John Lewis had a huge heart and undeniable drive for justice. His innate goodness moved all who encountered him, even those with whom he had political disagreements. He was a tireless fighter and champion of freedom and an acute observer of society's injustices that denied the humanity of people of color and other minorities. It is our charge to continue to highlight and address continuing injustice, to make some "good trouble." As LZ Granderson writes in his wonderfully emotional and challenging article in today's LA Times, "comfort doesn't bring change; only 'good trouble' does... In our drive to bring equality and freedom to all, we must feel and create the discomfort that facilitates meaningful change. John Lewis, your spirit and inspiration lives on and moves us; words cannot truly express the measure of your impact. Thank you.
The Dalai Lama is said to exude serenity and goodness at all times, inspiring loving kindness in all who encounter him. As I very much aspire to grow toward these character traits, I look to the Dalai Lama as a mentor. His many writings, talks and his mere image are wonderful motivation for me to work toward a life of tranquility and unconditional goodness. In what ways do you want to grow? Who might you look to as role models? Mentors can have a profound influence on our lives - we need not have met them to learn much and become inspired by their lives. There are no limits to your choice of a mentor. Find a new mentor today.

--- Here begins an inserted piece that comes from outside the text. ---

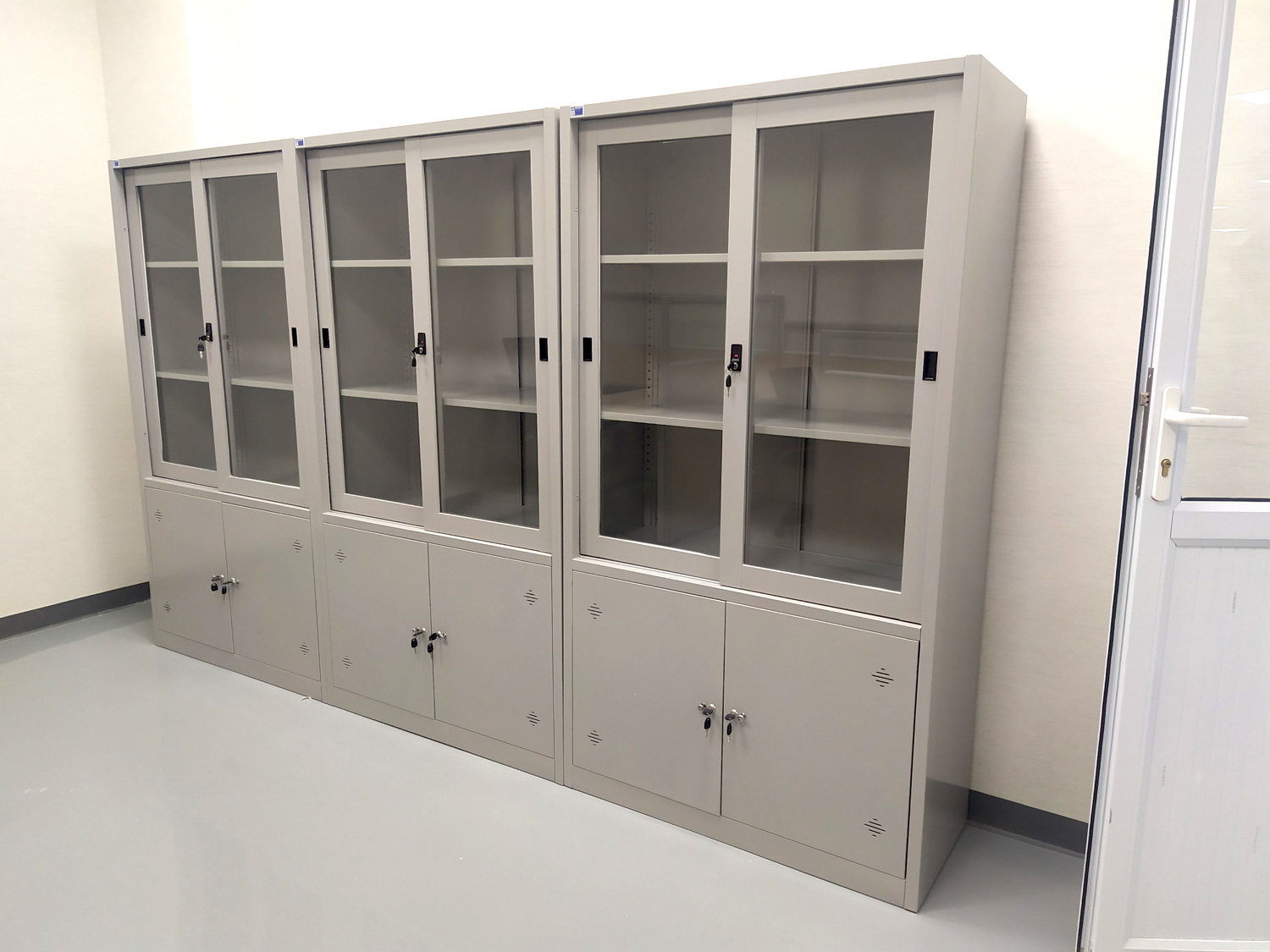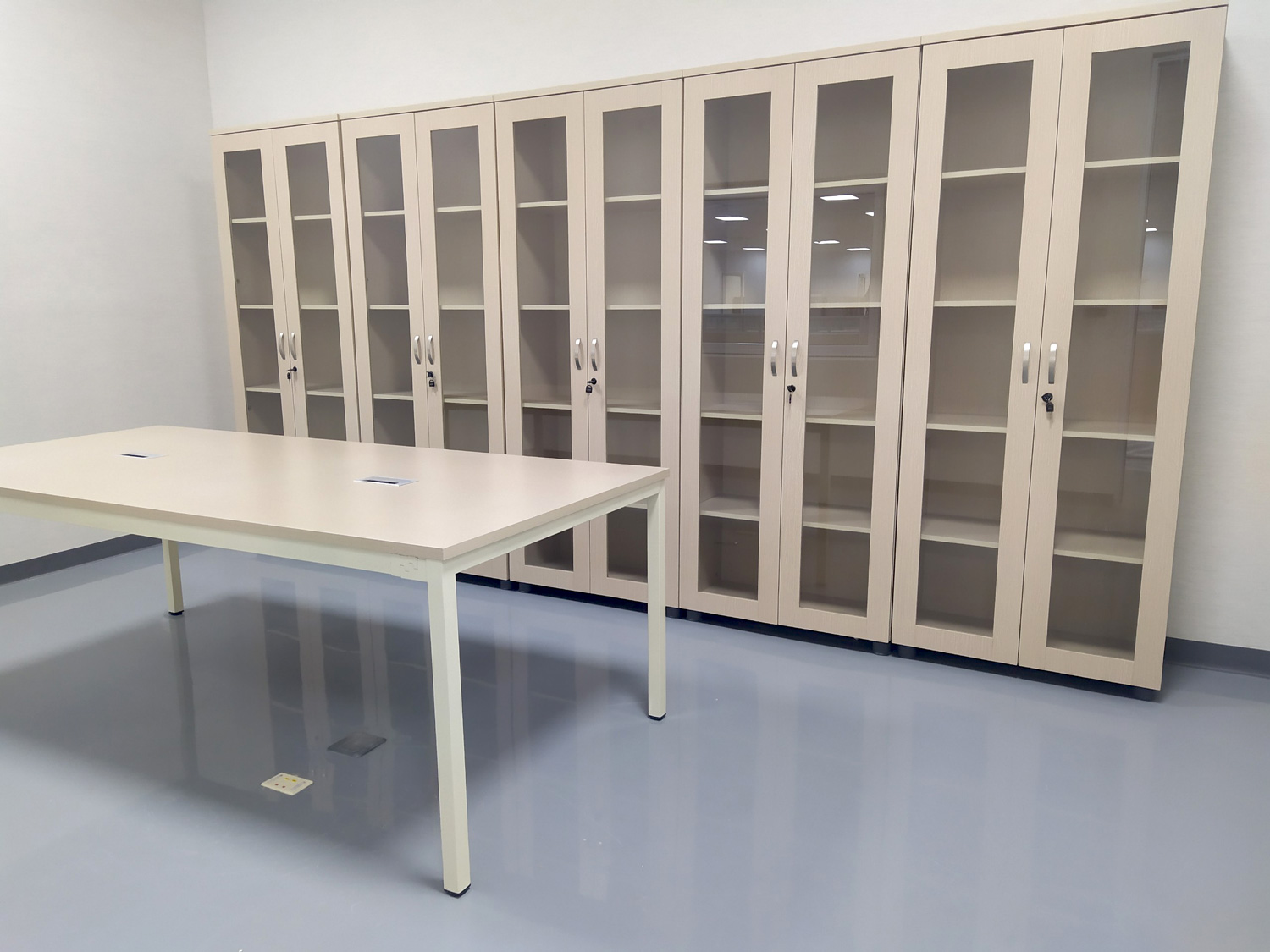 Văn phòng còn được sắp xếp thêm tủ tài liệu tạo nên không gian phụ lưu trữ hồ sơ, tài liệu. Tủ có nhiều ngăn đựng đồ dùng, giấy tờ gọn gàng, ngăn nắp. Kèm theo đó là một chiếc bàn cùng tông màu giúp việc tìm kiếm, kiểm tra tài liệu đơn giản, dễ dàng hơn.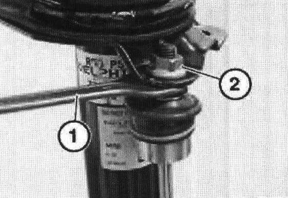 Release nut (1) - grip with open end wrench and detach stabilizer link.

Recognizing and accepting the truth is essential to the well being of individuals and of society. Start with yourself. Personal integrity requires complete honesty at all times. You know when you might be tempted to stray from the truth - instead embrace it and feel your growing contentment with living life as it really is, with all its ups and downs, avoiding the stress and tension that arises from self dishonesty. Live truth in your relationships with others - say only what you mean, don't debase or gossip, let your words exude kindness and love. Be an model of acceptance, tolerance and equanimity. Finally, insist on truth from others, leaders and society in general. Many will distort the truth to serve their own personal interest, apparently unconcerned with their own integrity and the harm that they cause to others. True freedom and justice is only possible if we demand that society operate on complete honesty and support those who uncover and report the truth.
Only you can judge whether you are living as you intend, progressing toward your goals, feeding and sharing your heart and soul. As I've often written, frequent self-reflection provides a necessary measure of your growth. The words and acts of others can serve as valuable lessons and raise important questions. Role models and mentors are essential guides for your journey. But, your learning, words and acts should be carefully considered and chosen by you to serve your character. Never let the opinion of another replace your own. Believe in yourself. It's your life.